- What is needed: Repeat the records below verbatim, and do not copy their pictures.

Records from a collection
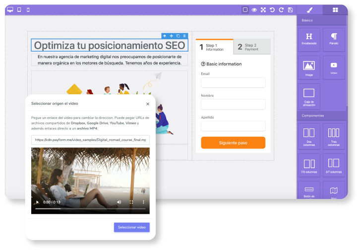 Agregue o elimine campos de información para satisfacer sus necesidades o incruste una experiencia de pago totalmente personalizada en su propio sitio web.
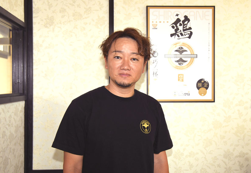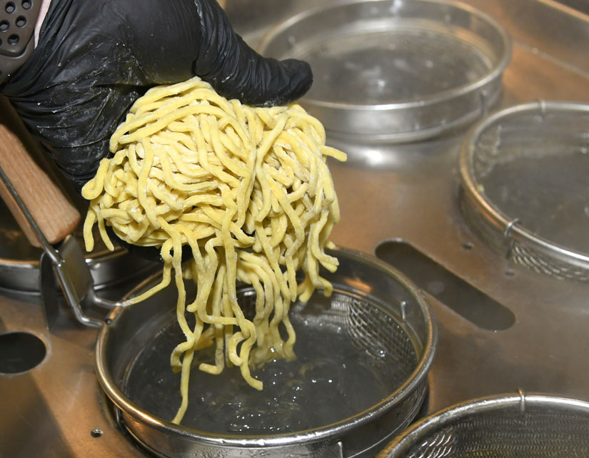 麺は地元「横沢麺業」に注文した太ストレート麺を使用。熱々スープを吸って麺がのびないよう、最後までつるつるっとした食感が楽しめるよう加水率高め。
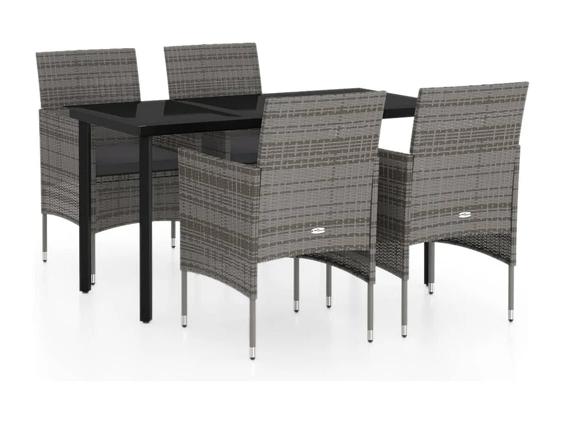 Vernon Ensemble à manger de jardin et coussins 5pcs Gris/noir
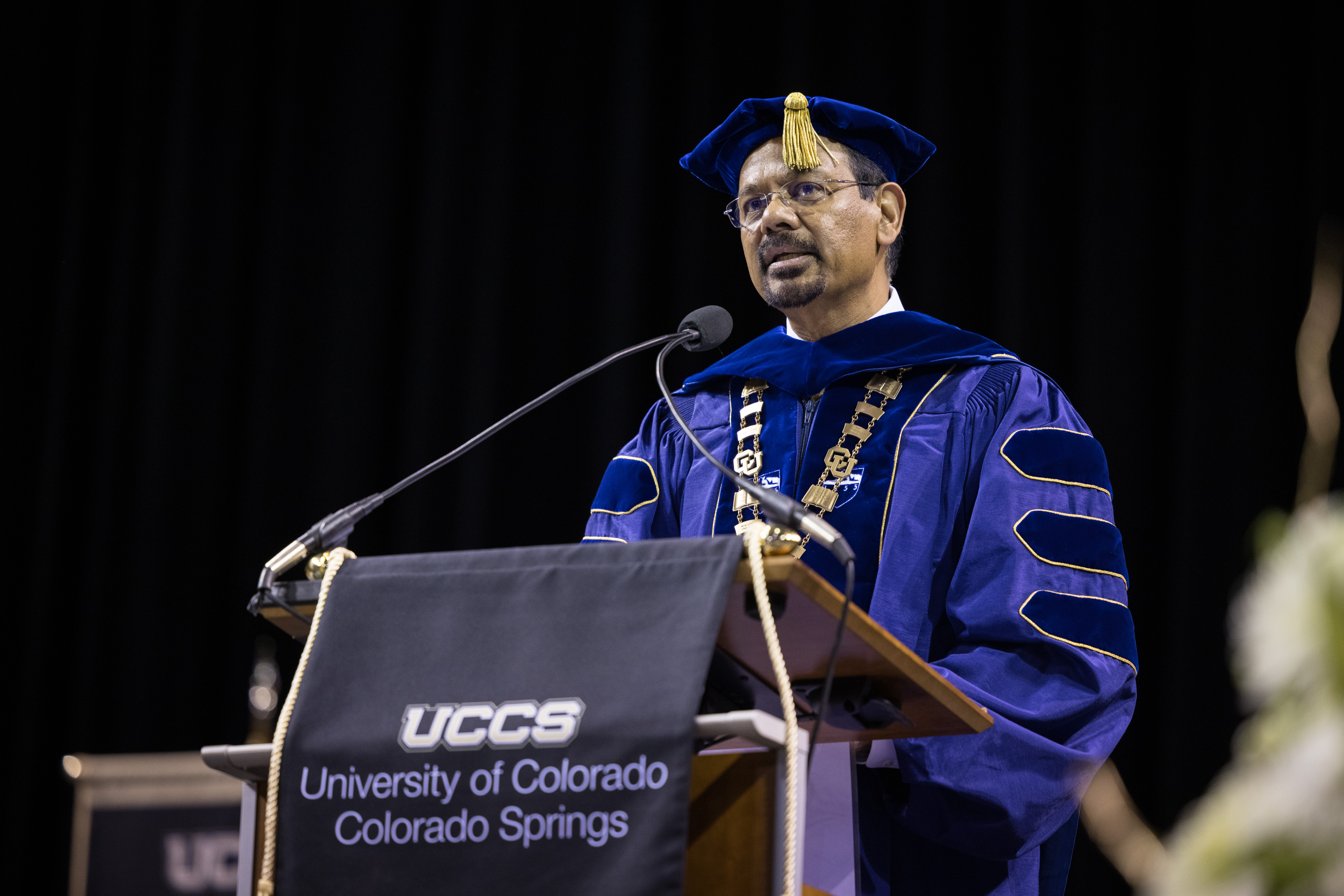 Venkat Reddy, Chancellor of UCCS; Todd Saliman, President of the University of Colorado system; and this year’s Student Achievement Award winners each shared words of wisdom with the new graduates.
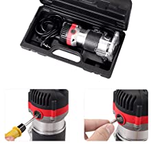 Justool wood router tool set including power tools, straight guide, timing guide, wrenches, replaceable carbon brush, perfect for a variety of routing and trimming applications.
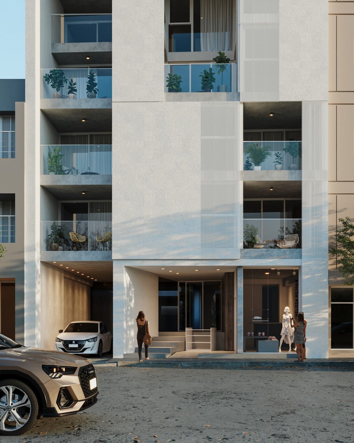 Se busca una conexión al sistema urbano a través de la planta baja. Se genera un espacio de transición, de escala y jerarquía que vincula el espacio público y el espacio privado, en el cual se dispone un local comercial y un amplio sector de cocheras adaptándose a las demandas del sitio.
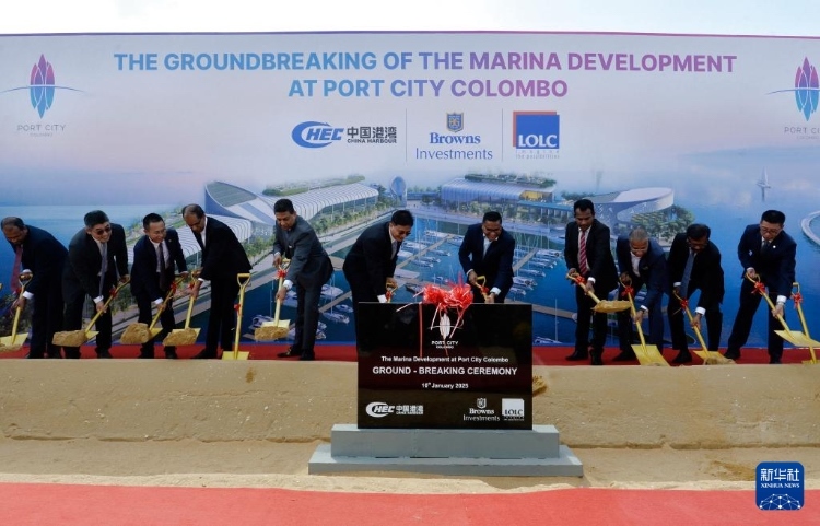 1月10日,嘉賓為斯里蘭卡科倫坡港口城游艇碼頭商業(yè)項(xiàng)目奠基。
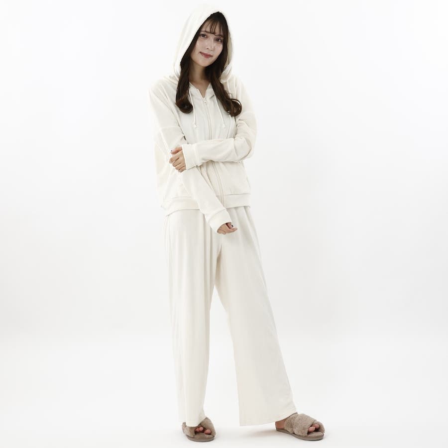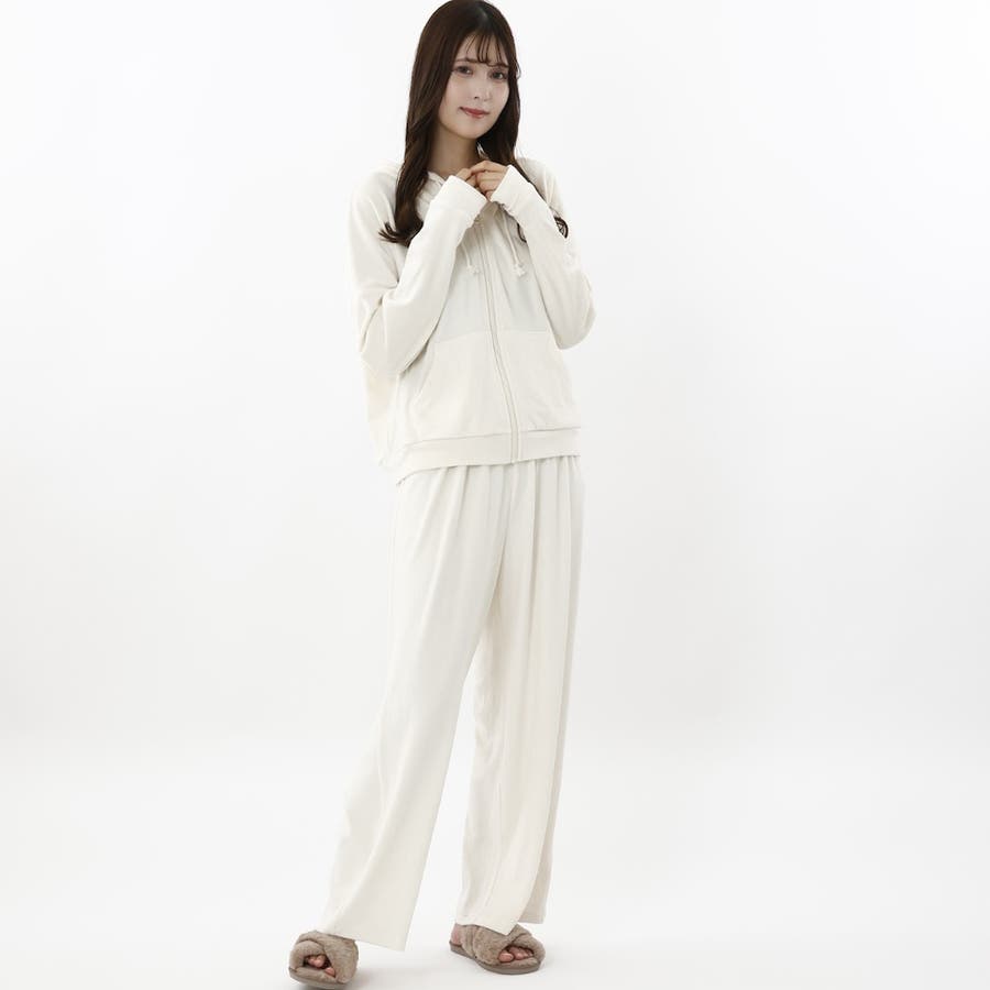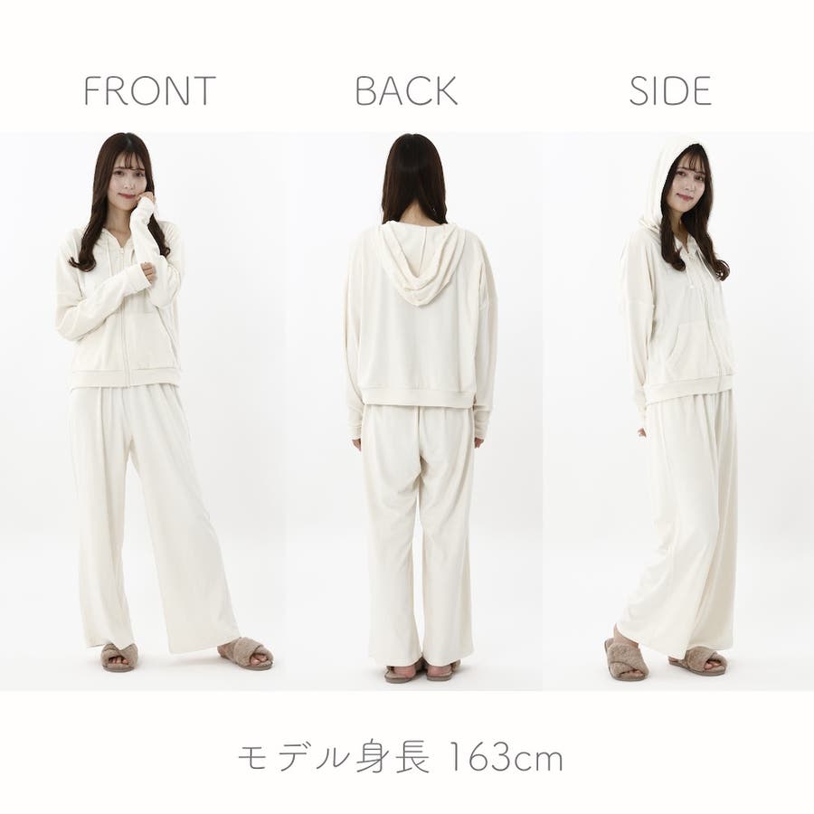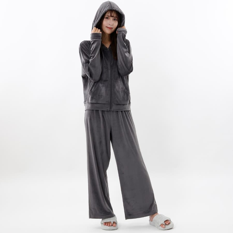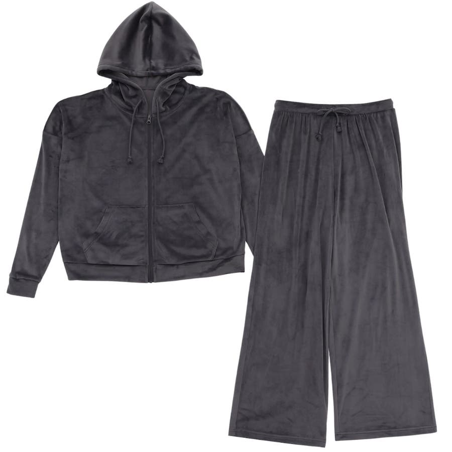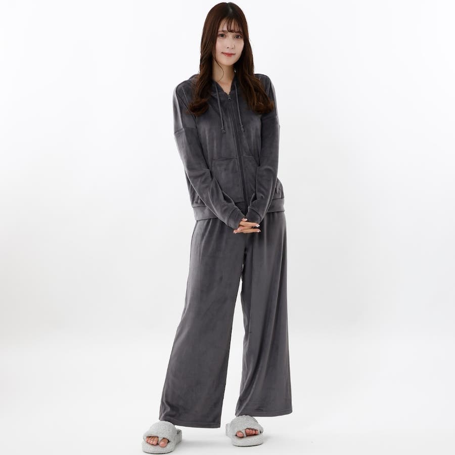 おうちでのリラックスタイムにぴったりなショート丈のジップパーカーとワイドパンツがセットの楽ちんなルームウェアです。
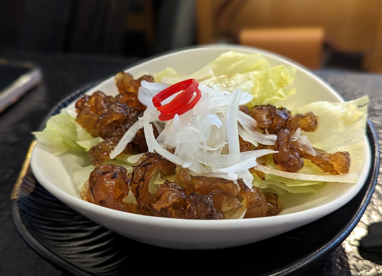 餐點內容沒有太大的驚豔,菜口就在座位的正前方,服務員忙進忙出,增加了一點壓迫感,食物容器都有點老舊,土瓶蒸的杯子還缺了一角,滿心期待卻有點小失望…
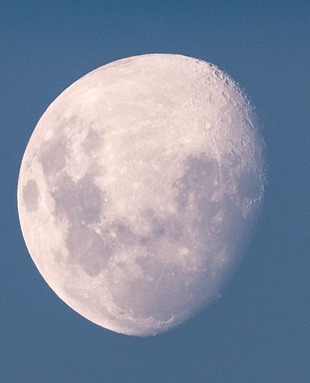 Image is of the waning gibbous moon — more moon visible on the left, than not — is a bright near-sphere, meant to suggest, if not really resemble, an egg; it shows craters, which might stand in for “fragments.” Moon is set against a dark blue background.
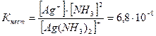 Комплексные ионы диссоциируют как слабые электролиты. Их диссоциация подчиняется закону действия масс и с количественной стороны характеризуется константой, которая носит название константы нестойкости комплекса. Так, комплексный ион [Ag(NH3)2]+
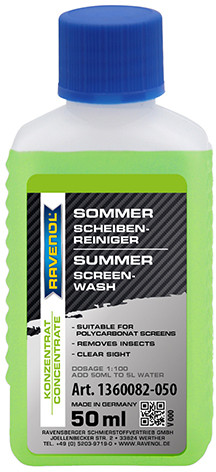 RAVENOL Sommer-Scheibenreiniger 1: 100 (Konzentrat) – концентрат летней стеклоомывающей жидкости, изготовленной в Германии, для применения в автомобилях в пропорции смешивания 1:100. Предназначена для удаления следов насекомых, различных загрязнений, обеспечивает чистоту фар, лобового и заднего стекол автомобиля.

- Response to this exercise:
 Agregue o elimine campos de información para satisfacer sus necesidades o incruste una experiencia de pago totalmente personalizada en su propio sitio web.
 麺は地元「横沢麺業」に注文した太ストレート麺を使用。熱々スープを吸って麺がのびないよう、最後までつるつるっとした食感が楽しめるよう加水率高め。
 Vernon Ensemble à manger de jardin et coussins 5pcs Gris/noir
 Venkat Reddy, Chancellor of UCCS; Todd Saliman, President of the University of Colorado system; and this year’s Student Achievement Award winners each shared words of wisdom with the new graduates.
 Justool wood router tool set including power tools, straight guide, timing guide, wrenches, replaceable carbon brush, perfect for a variety of routing and trimming applications.
 Se busca una conexión al sistema urbano a través de la planta baja. Se genera un espacio de transición, de escala y jerarquía que vincula el espacio público y el espacio privado, en el cual se dispone un local comercial y un amplio sector de cocheras adaptándose a las demandas del sitio.
 1月10日,嘉賓為斯里蘭卡科倫坡港口城游艇碼頭商業(yè)項(xiàng)目奠基。
 おうちでのリラックスタイムにぴったりなショート丈のジップパーカーとワイドパンツがセットの楽ちんなルームウェアです。
 餐點內容沒有太大的驚豔,菜口就在座位的正前方,服務員忙進忙出,增加了一點壓迫感,食物容器都有點老舊,土瓶蒸的杯子還缺了一角,滿心期待卻有點小失望…
 Image is of the waning gibbous moon — more moon visible on the left, than not — is a bright near-sphere, meant to suggest, if not really resemble, an egg; it shows craters, which might stand in for “fragments.” Moon is set against a dark blue background.
 Комплексные ионы диссоциируют как слабые электролиты. Их диссоциация подчиняется закону действия масс и с количественной стороны характеризуется константой, которая носит название константы нестойкости комплекса. Так, комплексный ион [Ag(NH3)2]+
 RAVENOL Sommer-Scheibenreiniger 1: 100 (Konzentrat) – концентрат летней стеклоомывающей жидкости, изготовленной в Германии, для применения в автомобилях в пропорции смешивания 1:100. Предназначена для удаления следов насекомых, различных загрязнений, обеспечивает чистоту фар, лобового и заднего стекол автомобиля.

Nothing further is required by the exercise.